Most Influential Paper

UC Davis Alumni, Professor Prem Devanbu Win MSR 19’s 10-Year Most Influential Paper Award

UC Davis alumni Chris Bird ‘10, Earl Barr ‘09 and David Hamilton ‘10 and CS professor Premkumar Devanbu received the 2019 10-Year Most Influential Paper award from the Mining Software Repositories Conference for their 2009 paper, “The Promises and Perils of Mining Git.” The award recognizes papers that have had a lasting impact on the software mining community.

The paper, led by Bird and Barr and co-authored with Daniel German and Peter Rigby from the University of Victoria, was cited for its “foundational contribution [that] enabled a decade of Git repository research across the SE community.”

“It’s a surprise what turns out to be your ‘most influential work,’” said Rigby, who was visiting UC Davis for six months when the paper was written and is now an associate professor of software engineering at Concordia University in Montreal. “At the time, we worried that it wouldn’t even get into MSR.”

Software mining researchers like Bird and Devanbu study how programmers work and how software evolves, by collecting and analyzing data from different versions of software repositories to see how they are built and where and how mistakes are made.

Version control systems are a key tool for this, as they track every code change in a software repository, including information like what changes are made, who made them and when. Git is a decentralized version control system, meaning that each developer has their own copy of the entire repository for a piece of software, rather than adding to a single, central repository.

Though Git is extremely powerful and offers the potential of very detailed historical data, changes can be hard to track. Due to decentralization, many copies of a repository can exist, each with slight variations. Git also allows users to rewrite version history, potentially erasing crucial data points.

“Not much was known about Git in the scientific community at the time,” said Devanbu. “It was the first paper to talk about the rich opportunities it provided while laying out the pitfalls.”
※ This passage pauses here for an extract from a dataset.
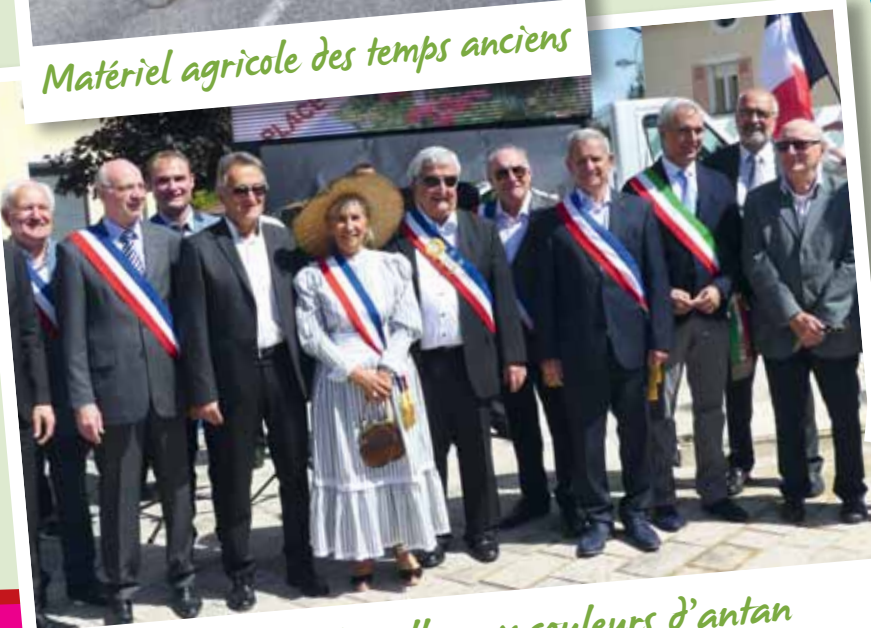
Cérémonie officielle aux couleurs d'antan

This is Bird and Devanbu’s third time winning an award for a durably influential paper. They were previously honored by the MSR conference for their paper “Mining Email Social Networks” in 2016 and together with professors Vladimir Filkov and Raissa D’Souza, they also won a “Test of Time” Award in 2018 at SIGSOFT FSE, the flagship software engineering conference, for a 2008 paper on social structures in software projects. The team will receive the award at the 16th annual MSR conference on May 26-27 in Montreal, Canada.